Your instructions:
Below are the records; return exactly the lines from the one with "by Keara Torkelson" through the final line, both included, minus any pictures.

-- Dataset records follows --

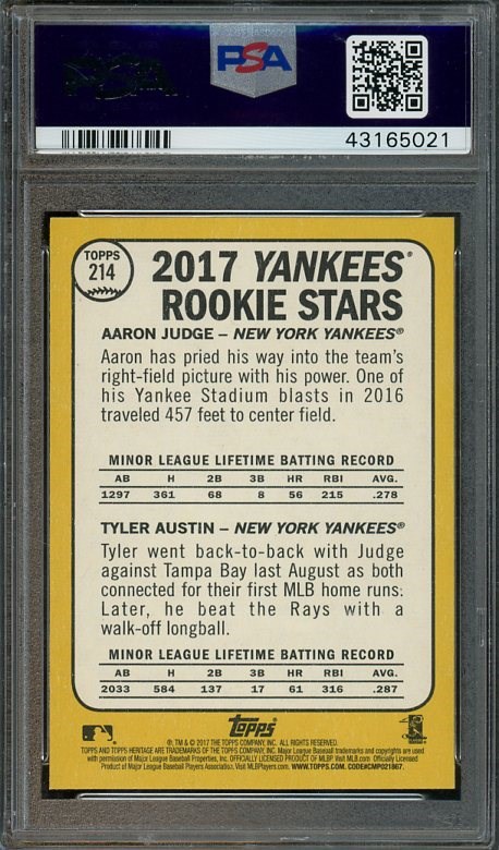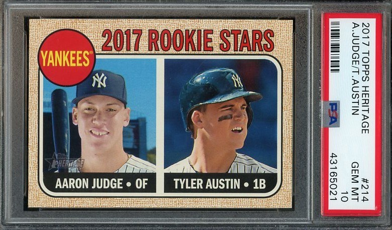 2017 Topps Heritage Aaron Judge RC #214 PSA Gem Mint 10 - Topps went "Old School" with this two-player 1968 design featuring Tyler Austin along with Judge. This is one of Judge's more affordable rookies in PSA 10 grade.
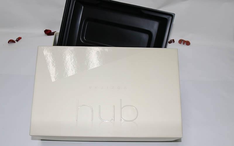 1.面紙:採用進口太陽銅版紙印刷漸變灰色和淺黃色,面紙單面過啞膠,局部UV,内包材質裱進口滑面1800G雙灰闆,盒型爲上下天地蓋,盒内的産品内托裝韌度比較好的黑色進口矽膠PVC材質,此款盒子是美國一家上市公司做的電子産品包裝盒,品質要求極高,整款盒子都是流水線制作
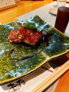 白焼きの身に鰻醤油「鰻能」を刷毛で塗って焼いてくれました。
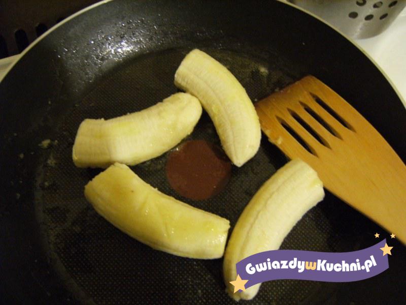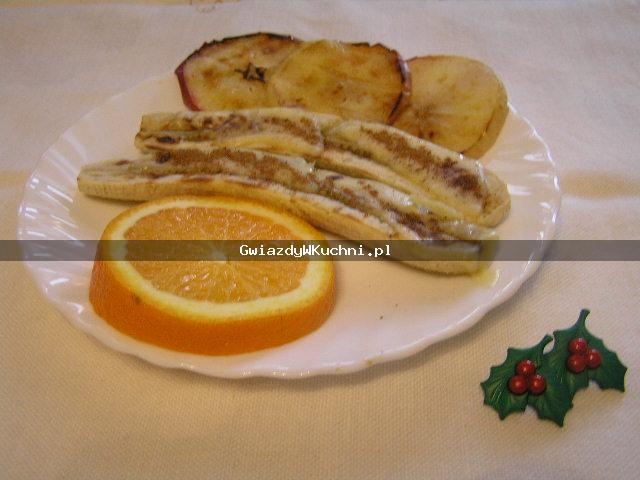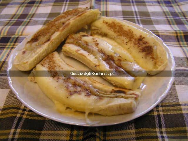 Przekrojone wzdłuż na pół banany usmażyć na maśle. Ułożyć w naczyniu żaroodpornym, przykryć plastrami sera. Posypać cukrem i cynamonem. Zapiekać w gorącym piekarniku, aż ser rozpuści się.
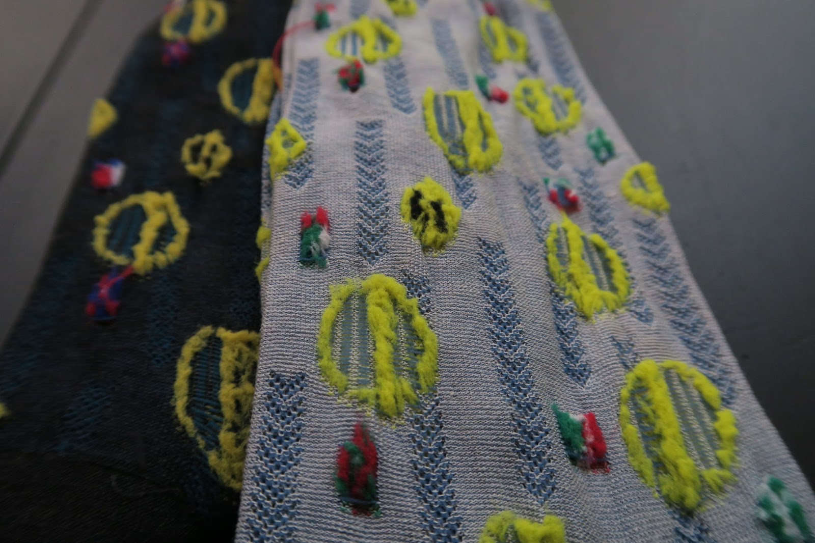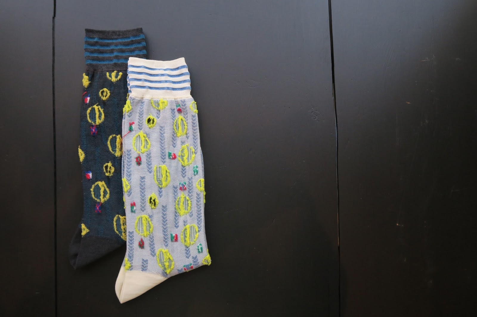 彼女の作る靴下は、こんなに派手なのに、
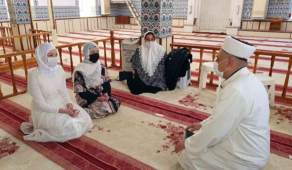 İlçe merkezindeki Yeni Sinan Camiinde Diyanet İşleri Başkanlığının yetkisi ile İmam Hatip Bilal Ekinci tarafından düzenlenen ihtida merasimi ile Müslüman olan ve Türk ismi alan anne Sandrine ve kızı Rebecca’ya Kur’an-ı Kerim ile İslam dini ile ilgili temel bilgilerin bulunduğu çeşitli kitaplar hediye edildi.
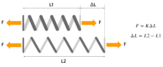 If the magnitude of the weight is varied, we will notice that the elongation of the spring is proportional to the weight, also known as Hooke’s law, and the constant of proportionality is known as the spring’s ‘rigidity.’
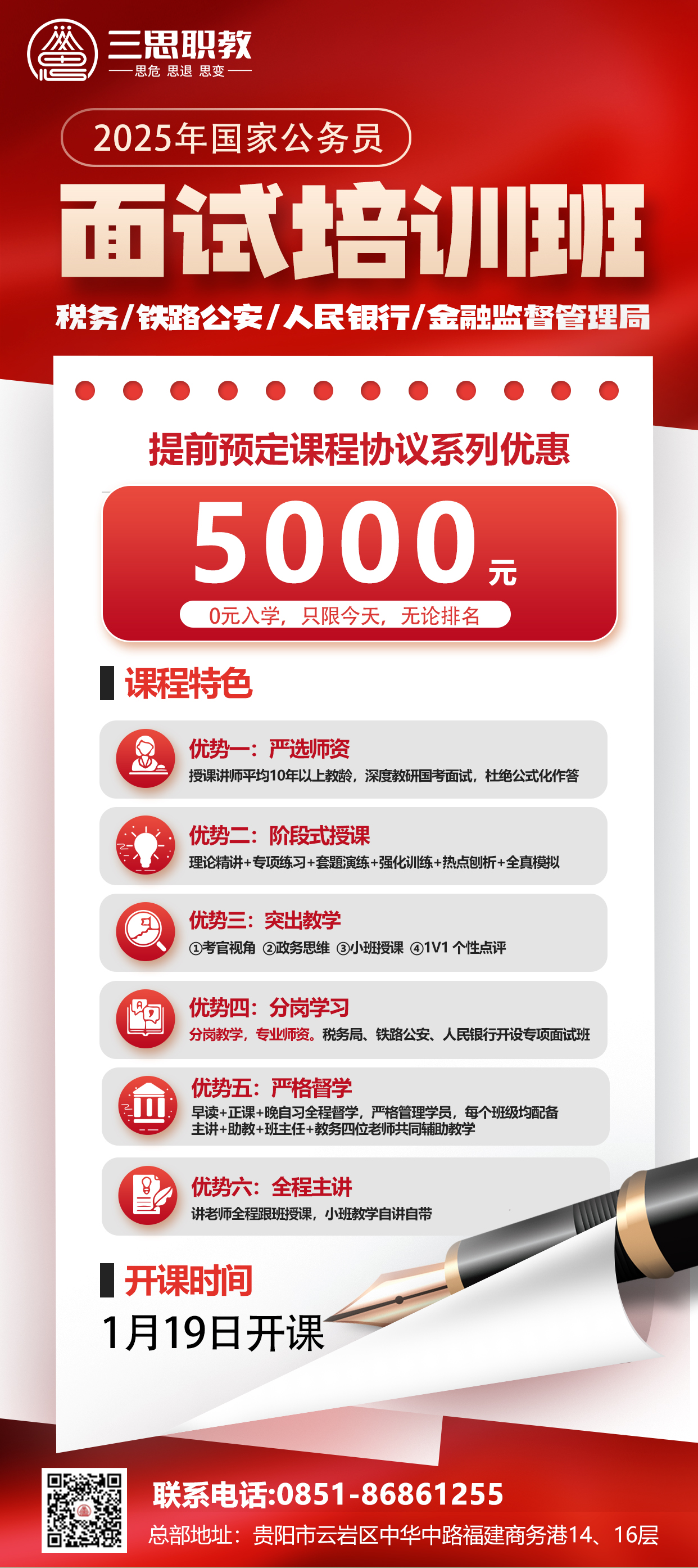 2025年国考面试班优惠活动来了,在活动时间内报班,可享相关课程优惠,国考面试班1月19日开课,课程预订及详情咨询:13368515037(微同)。
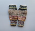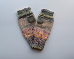 可愛らしい模様が出る段染め糸にメリノウールの単色糸を引き揃えて編んだハンドウォーマーです。
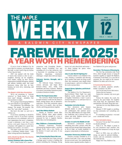 by Keara Torkelson 2023EndoftheSchoolYearIceCreamSocial The Lumberyard Arts Center The City Baldwin City The Baldwin City Library Baldwin City Chamber Commerce Baldwin City Recreation Commission USD 348 SPOTLIGHT ISSUE #04 www.baldwinmaple.com A BALDWIN CITY PUBLICATION OF BALDWIN CITY HIDDEN GEMS Caring for the gardens of Baldwin City THE QUILT CAPITAL OF KANSAS & Dogs! Home ofthe DAWGS Prairie City Cemetery Thehistoryof
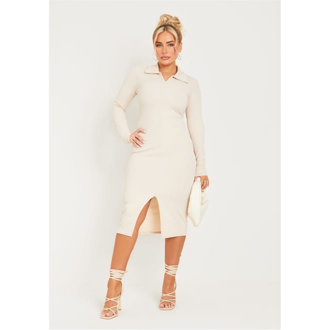 Sophisticated and sexy in our Crinkle Rib Long Sleeve Collared Midi Dress, featuring a crinkle rib material and collar detail in a bodycon fit. Grab your heels babe! -
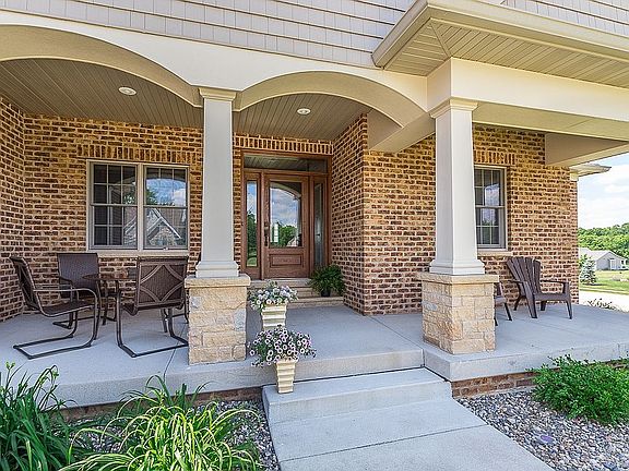 This beautiful custom ranch is located right across from Springbrook Country Club with a beautifully landscaped yard and large front porch. The main living area has hardwood floors, an office/study, pocket bar and also features a fireplace with a 12 foot coffered ceiling. Also on the main level are 2 bedrooms, 2 full baths, a half bath and laundry. The kitchen features custom cabinetry, hardwood floors, granite counters, stainless steel appliances, pantry and breakfast bar. The beautiful 700 square foot master suite is located on the main level and features carpet floors, tray ceiling, separate sitting area and a custom walk-in closet. The master bath includes heated tile floors, marble counters, jetted tub and an 4x8 tiled shower. The finished walkout lower level features 2 bedrooms, full bath, half bath, workout area and tons of storage. Also includes a lower level golf cart garage and equipment storage area. Outside you'll find a composite deck and large sunroom with another fireplace overlooking the well manicured yard.
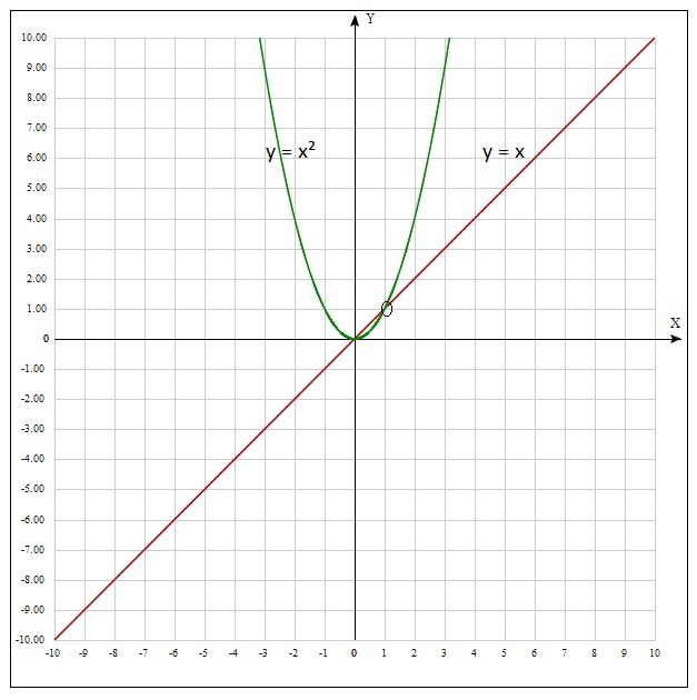 Графики пересекаются в двух точках, одна из которых выколота, т.к. не входит в область определения.

-- Dataset records concluded --

Written solution:
 by Keara Torkelson 2023EndoftheSchoolYearIceCreamSocial The Lumberyard Arts Center The City Baldwin City The Baldwin City Library Baldwin City Chamber Commerce Baldwin City Recreation Commission USD 348 SPOTLIGHT ISSUE #04 www.baldwinmaple.com A BALDWIN CITY PUBLICATION OF BALDWIN CITY HIDDEN GEMS Caring for the gardens of Baldwin City THE QUILT CAPITAL OF KANSAS & Dogs! Home ofthe DAWGS Prairie City Cemetery Thehistoryof
 Sophisticated and sexy in our Crinkle Rib Long Sleeve Collared Midi Dress, featuring a crinkle rib material and collar detail in a bodycon fit. Grab your heels babe! -
 This beautiful custom ranch is located right across from Springbrook Country Club with a beautifully landscaped yard and large front porch. The main living area has hardwood floors, an office/study, pocket bar and also features a fireplace with a 12 foot coffered ceiling. Also on the main level are 2 bedrooms, 2 full baths, a half bath and laundry. The kitchen features custom cabinetry, hardwood floors, granite counters, stainless steel appliances, pantry and breakfast bar. The beautiful 700 square foot master suite is located on the main level and features carpet floors, tray ceiling, separate sitting area and a custom walk-in closet. The master bath includes heated tile floors, marble counters, jetted tub and an 4x8 tiled shower. The finished walkout lower level features 2 bedrooms, full bath, half bath, workout area and tons of storage. Also includes a lower level golf cart garage and equipment storage area. Outside you'll find a composite deck and large sunroom with another fireplace overlooking the well manicured yard.
 Графики пересекаются в двух точках, одна из которых выколота, т.к. не входит в область определения.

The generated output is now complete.